Gruev receives grant to study, recreate mantis shrimp vision

Mantis shrimp, aggressive, predatory sea crustaceans, have among the most sophisticated vision of all animals. A group of researchers, including Viktor Gruev, PhD, want to recreate that vision to make a specialized camera that could bring more precision to biomedical imaging and weapons targeting in defense.

A mantis shrimp (Odontodactylus scyllarus) defending its hole.

Gruev, assistant professor of computer science & engineering, is an investigator on a $3.5 million collaborative grant from the Air Force Office of Scientific Research (AFOSR) that will allow them to re-engineer the eye of the mantis shrimp, or stomatopod, that live in the Great Barrier Reef in Australia.

The interdisciplinary team, which includes Gruev, two marine biologists and a physicist, will study the animal’s visual sensory system to learn how it processes information. By sharing principles among the three disciplines, the team aims to decode the inner principles of stomatopod vision to create more efficient design of sensors, imaging devices and analyzers.

Stomatopods have 20 different photoreceptor types, or functional input channels, in their eyes, including 12 channels for color. Gruev and the research team are interested in the mechanisms that function to reduce and analyze the 20 data streams.

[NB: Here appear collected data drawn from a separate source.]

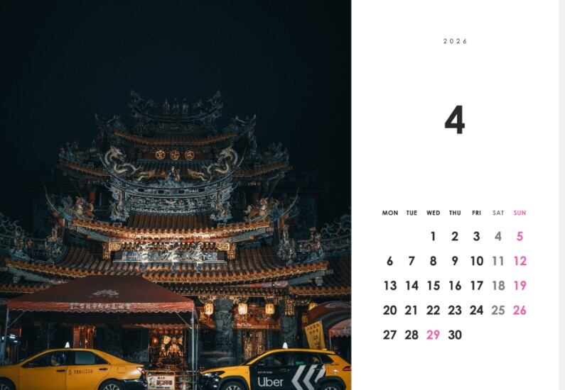 【卓上】2026年フォトカレンダー|台湾写真シリーズ|B6リング式
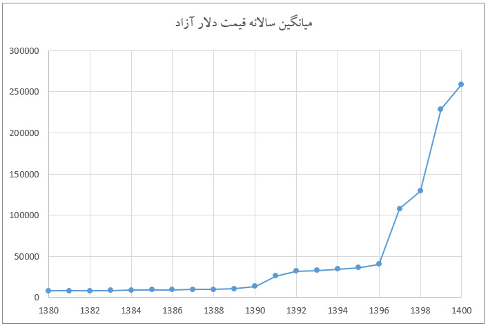 در نمودار زیر روند نرخ ارز در ۲۰ سال از ۱۳۸۰ تا ۱۴۰۰ نشان داده شده است. همانگونه که مشاهده میشود، در ۱۰ سال اول تا اندازهای روند نرخ دلار زیاد افزایشی نبوده اما از ۱۳۹۰ تا ۱۳۹۵ بیش از ۲ برابر شده است. بعد از آن نیز نیازی به گفتن ندارد که قیمت دلار در ۵ سال بیش از ۷ برابر شده است.
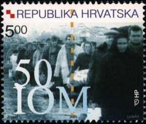 The stamps have been issued in 20-stamp sheets, and the Croatian Post has also issued the commemorative First Day Cover (FDC). When the UN Assembly announced for the first time that June 20 should be proclaimed the World Refugees' Day, the High Commissioner for Refugees addressed it with the following words: "As the voice of those mostly voiceless I thank you. Refugees deserve our consideration and respect. Respect above everything. The Refugees' Day ought to become the moment for all of us to ponder on what should be done." The Croatian Post has joined this invitation in the appropriate way, paying respect to the hundreds of thousands of primarily our own refugees and displaced people, but also to those millions the High Commissioner was talking about: by issuing two commemorative postage stamps. These stamps have been dedicated to two anniversaries of those organizations engaged in dealing with the misfortunes of the voiceless - the 50th anniversary of the UN High Commission for Refugees, UNHCR, and also to the 50th anniversary of the somewhat less known but not less active international organization for refugees, IOM. During the recently finished War of Independence, Croatia was fortunate or unfortunate to have the opportunity to come into immediate contact with the activities of both organizations. It was them that have helped our country at a particular moment to look after more than 750 000 refugees, both our own and those from the neighbouring country. From our point of view, as the Croatian Post, we consider this to be more than a sufficient reason to dedicate these stamps in order to contribute to the respect and expression of the voiceless. The Croatian Post has engaged its expert designer Boris Ljubičić to try express this voicelessness of the desperate people in a language of design and thus speak in their name. He has chosen motives well known to our generation, the imminent victims of the winds of war; the martyrdom of the individual leaning against the wall, for the first stamp, and the martyrdom of the group stepping over an imaginary border, for the second one, pledging them to the light-blue hope of the UN flag - the colour to which so many wishes have been directed in the last half century. And under which blue shadow so many noble deeds have been performed. This laconic expression of the designer, though IOM is not an UN agency, pays tribute and faith to the dedicated people who have been trying for fifty years, through these two organizations, to offer asylum, refuge and sanctuary and to help the unfortunate part of humankind. There is still a question whether the blue hope has always and in all situations been at the level of its task, but this falls outside the range of this occasion. Humankind, particularized and globalized, will continue facing hardship and misfortune, i.e. the so called voluntary economic migrations or real involuntary exile, and it will continue to have the need for organizations like the UNHCR and IOM.
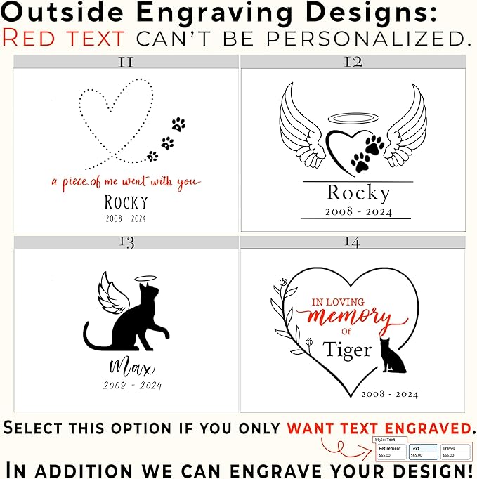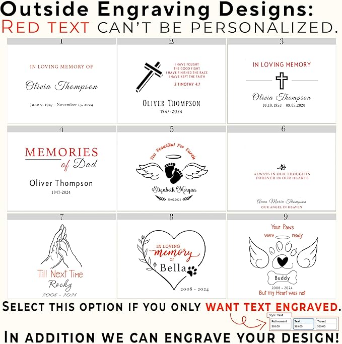 - Customized: create your own memory box by choosing one of the designs we offer and adding a name and date. We’ll use the font style showcased in the photos. The inside lid can also be engraved with your text in the different fonts we offer
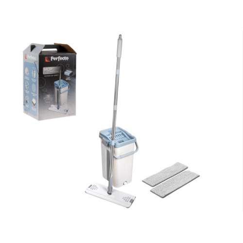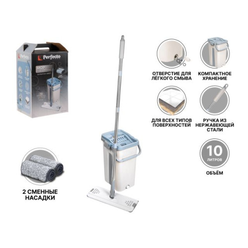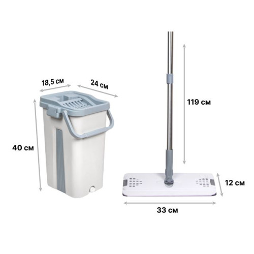 В наборе: отжимное ведро, швабра, 2 сменных насадки из микрофибры.
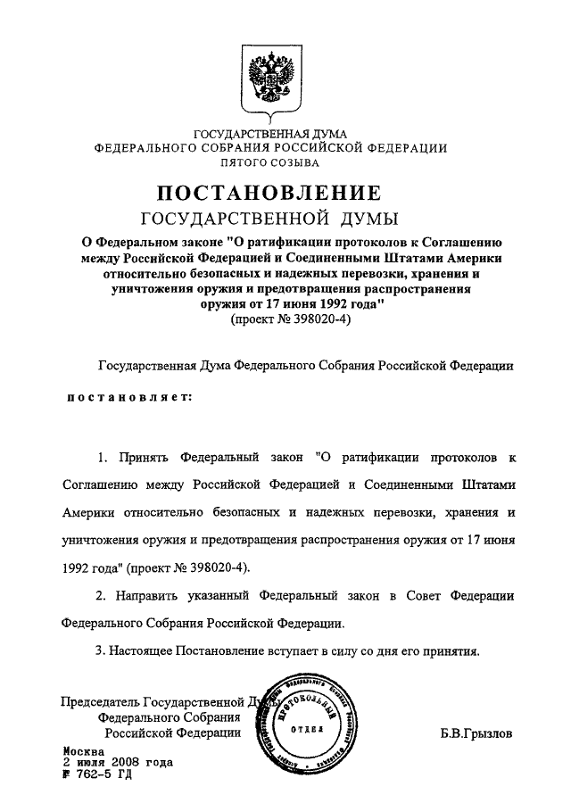ПОСТАНОВЛЕНИЕ ГД ФС РФ от 02.07.2008 N 762-5 ГД
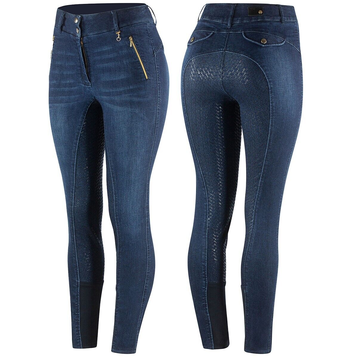 Horze Nicole Full Grip Ladies Denim Breeches -Dark Blue,UK 8 EU 34 USA 22(36087)
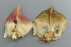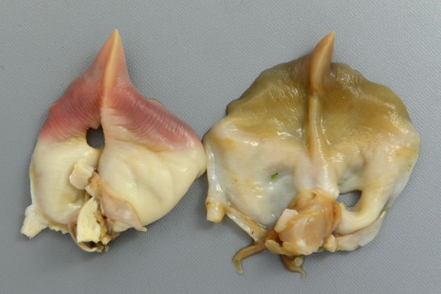 生殖腺の色(やや赤い乳白色-雄、乳白色-雌)。
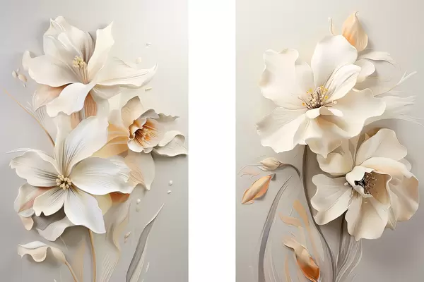 Poster Weiße Blumen, Blütenblätter mit sanften Schatten, hellbeiger Hintergrund, elegante Komposition, minimalistischer Stil d01010

“The mantis shrimp are very small creatures, but they have very sophisticated image processing,” Gruev says. “We want to know if we can mimic these sensors or design them to create a specialized camera that has multiple applications.”

In the first two years of the grant, Gruev will develop two underwater polarization sensitive imaging systems housed in an underwater casing that he will design. In the final two years, he will design and build a custom imaging system using silicon dies that mimics the visual image processing of the stomatopod eye. His lab will also design and build printed circuit boards to test the imaging sensor.

Gruev says the camera could be used in biomedical imaging to better detect healthy cells from tumor cells, as well as in military aircraft to find a target in hazy or foggy conditions.

Gruev’s lab has already developed a sensor that can capture polarization properties of light. He went to the Great Barrier Reef, where his colleagues have an underwater optics lab where they can study the stomatopods and test their vision. This project will build on his previous work.